Shawn Enderlin said...

good post. one thing i don't do enough of is analyze my writing process/technique. critiquing for my writing group has certainly made me more aware, but there is definitely room for improvement!

Greg Lyons said...

All of this effort sounds like you've made your writing merely easier to read, not necessarily better. You've been giving too much credence to Strunk and White.

Anonymous said...

Now, I don't know that I would agree that I always have the right word

I know I don't - and I know I don't during the original process. When I can't touch upon the right word, when I'm writing longhand, I'll circle it; if I'm at the laptop typing, I'll highlight it in light grey. Then I'll worry about it after the first draft is finished -- unless for some bizarre reason the "right word" comes to me at some point in time thereafter (and I remember where I needed it).

My natural style is both more verbose

My readers keep comparing me to Faulkner...:snort:

trying never to let a sentence go over three manuscript lines (keeping it to two or less if I could), keeping paragraphs to a quarter page or less where possible and trying never to let them go over a third of a page

This is difficult for me, as well. I ran into a paragraph the other day that spanned a page and a half.
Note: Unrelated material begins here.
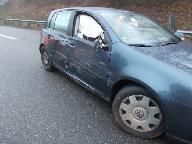 Am 15.12.2016, gegen 07:40 Uhr, musste eine 40jährige Landauerin mit ihrem Pkw verkehrsbedingt auf dem Beschleunigungsstreifen der A65, Auffahrt Landau Süd, in Fahrtrichtung Karlsruhe, halten. Ein 39jähriger Landauer erkannte dies zu spät und fuhr mit seinem Pkw auf den Pkw der Landauerin auf. Er lenkte noch nach links, beschädigte dabei trotzdem seine gesamte rechte Fahrzeugseite und drehte sich um 180°. Er kam auf der rechten Fahrspur zum Stehen. Beide Pkw waren noch bedingt fahrbereit, und konnten die Unfallstelle selbstständig verlassen. Die Gesamtschadenshöhe dürfte ca. 12.000,-EUR betragen. Die rechte Fahrspur war während der Unfallaufnahme für ca. 30min gesperrt, die Absicherung übernahm die Straßenmeisterei Kandel. Es kam im morgendlichen Berufsverkehr zu einem ca. 4km langen Rückstau bis zum Landauer Trog.

I thrashed myself, found an appropriate spot to break it in half, but it's still a monster. o.O

eliminating passive voice constructions wherever possible

This is the absolute worst for me. I think I'm getting there. I hope I'm not deluding myself. :grimace:

Anonymous said...

@ Greg Lyons - I disagree. Having read through all of the WebMage books, I've watched Kelly's writing progress and improve. Very obvious in CodeSpell. imho.

Shawn Enderlin said...

RE Greg's comment. In general, I think almost anyones writing can be improved by the techniques Kelly outlined. However, I think the issue at hand is really a matter of style. Tolkien would shudder at Kelly's post, but there is both a place and a market for the more spare form of prose Kelly is advocating. I believe there is room for both styles, as well as shades in between.

Kelly McCullough said...

Greg, I am about to admit heresy here. I can't give credence to Strunk and White because I've never read it. Books on grammar and style bore me and always have.

My natural style was overacademic and overcomplex to no effect and no sales. My current style is much more readable and I'm much more in control of it. Oh, and I sell books now, which suggests something. I'll leave the what as an open question.